**What the task asks**
Start with the line that holds "Toen was Pieter". Please copy it and each remaining line below exactly, leaving pictures out.

**Source material**
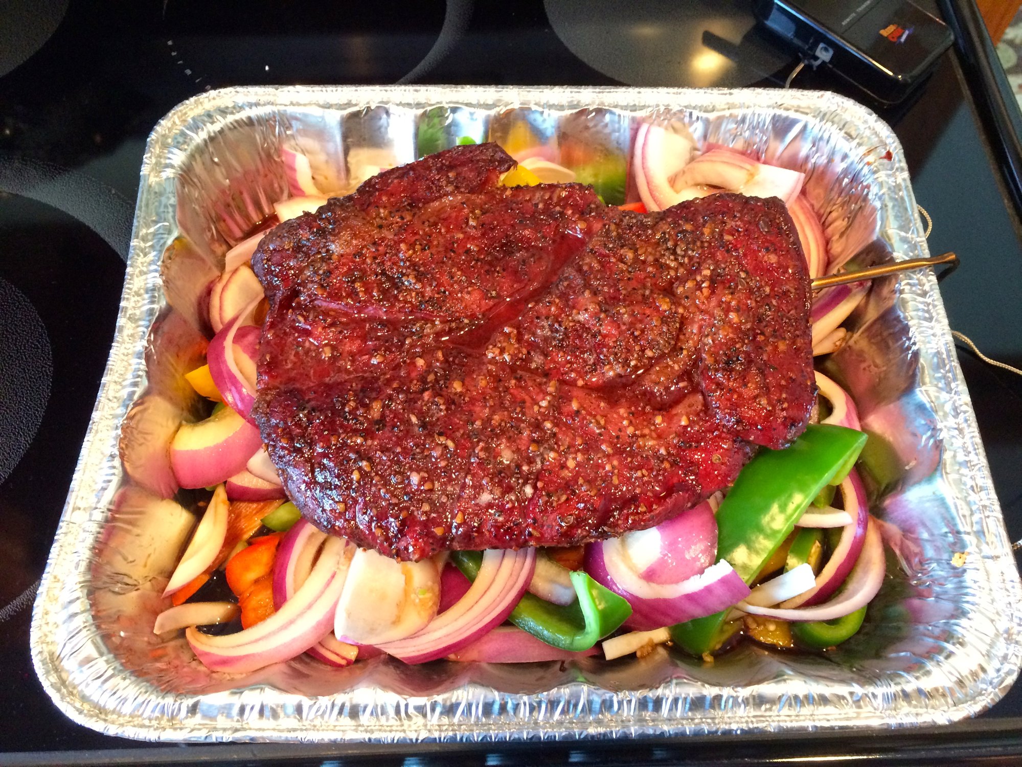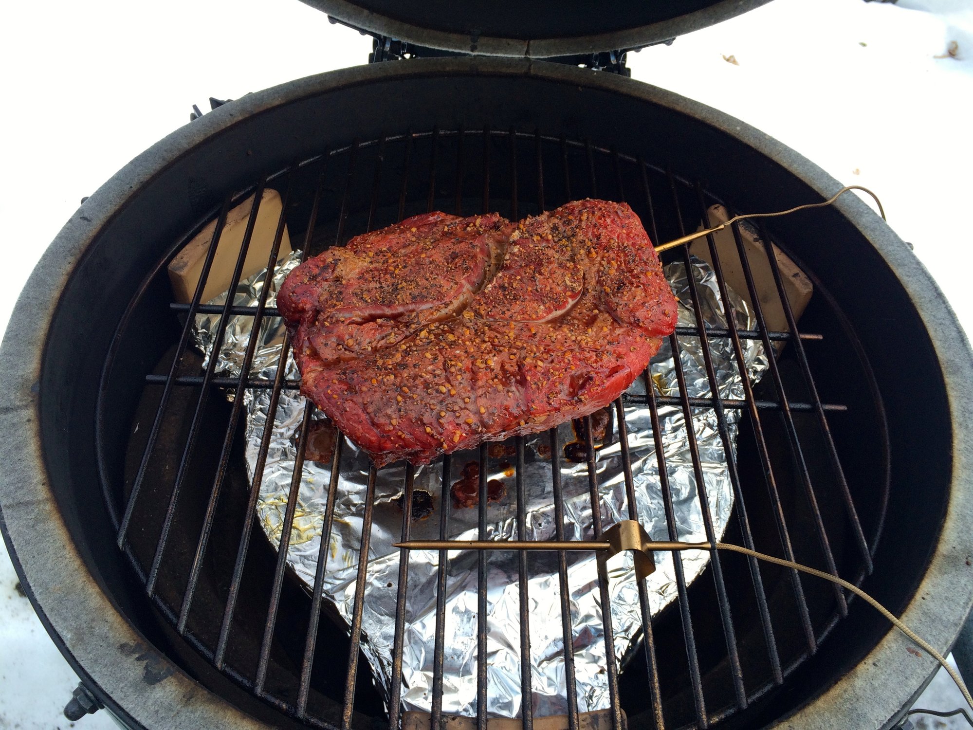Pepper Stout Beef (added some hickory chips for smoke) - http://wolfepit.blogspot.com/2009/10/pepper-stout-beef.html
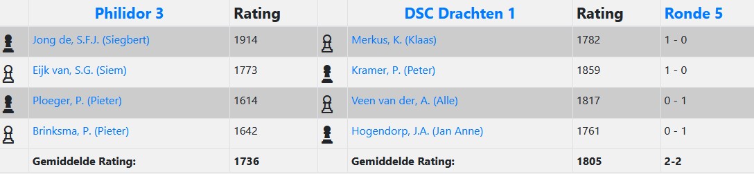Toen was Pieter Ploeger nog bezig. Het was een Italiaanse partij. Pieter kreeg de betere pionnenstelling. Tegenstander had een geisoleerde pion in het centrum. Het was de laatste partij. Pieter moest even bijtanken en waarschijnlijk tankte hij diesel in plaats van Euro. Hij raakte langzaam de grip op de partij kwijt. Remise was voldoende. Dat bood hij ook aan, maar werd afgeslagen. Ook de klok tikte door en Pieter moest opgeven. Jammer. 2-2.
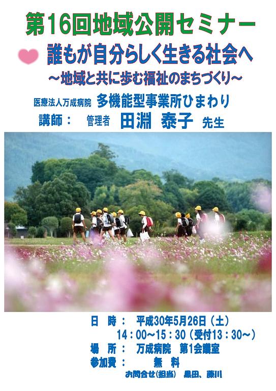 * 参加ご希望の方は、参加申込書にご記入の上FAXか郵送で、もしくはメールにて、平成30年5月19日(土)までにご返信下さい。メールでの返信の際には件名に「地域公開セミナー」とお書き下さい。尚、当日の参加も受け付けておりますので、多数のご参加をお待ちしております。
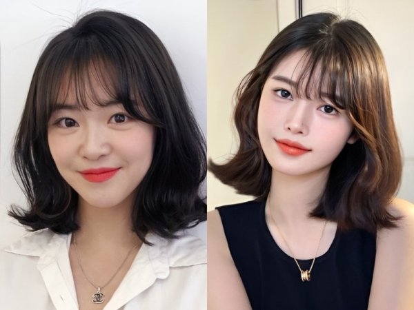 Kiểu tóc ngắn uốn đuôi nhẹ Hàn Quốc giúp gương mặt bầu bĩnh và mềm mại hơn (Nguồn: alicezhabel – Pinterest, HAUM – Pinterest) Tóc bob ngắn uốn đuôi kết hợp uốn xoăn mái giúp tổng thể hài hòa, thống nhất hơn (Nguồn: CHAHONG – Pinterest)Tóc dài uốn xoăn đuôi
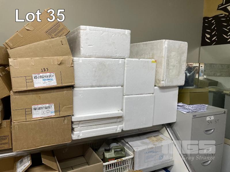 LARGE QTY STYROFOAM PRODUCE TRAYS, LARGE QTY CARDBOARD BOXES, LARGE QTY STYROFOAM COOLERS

**Task response**
Toen was Pieter Ploeger nog bezig. Het was een Italiaanse partij. Pieter kreeg de betere pionnenstelling. Tegenstander had een geisoleerde pion in het centrum. Het was de laatste partij. Pieter moest even bijtanken en waarschijnlijk tankte hij diesel in plaats van Euro. Hij raakte langzaam de grip op de partij kwijt. Remise was voldoende. Dat bood hij ook aan, maar werd afgeslagen. Ook de klok tikte door en Pieter moest opgeven. Jammer. 2-2.
 * 参加ご希望の方は、参加申込書にご記入の上FAXか郵送で、もしくはメールにて、平成30年5月19日(土)までにご返信下さい。メールでの返信の際には件名に「地域公開セミナー」とお書き下さい。尚、当日の参加も受け付けておりますので、多数のご参加をお待ちしております。
 Kiểu tóc ngắn uốn đuôi nhẹ Hàn Quốc giúp gương mặt bầu bĩnh và mềm mại hơn (Nguồn: alicezhabel – Pinterest, HAUM – Pinterest) Tóc bob ngắn uốn đuôi kết hợp uốn xoăn mái giúp tổng thể hài hòa, thống nhất hơn (Nguồn: CHAHONG – Pinterest)Tóc dài uốn xoăn đuôi
 LARGE QTY STYROFOAM PRODUCE TRAYS, LARGE QTY CARDBOARD BOXES, LARGE QTY STYROFOAM COOLERS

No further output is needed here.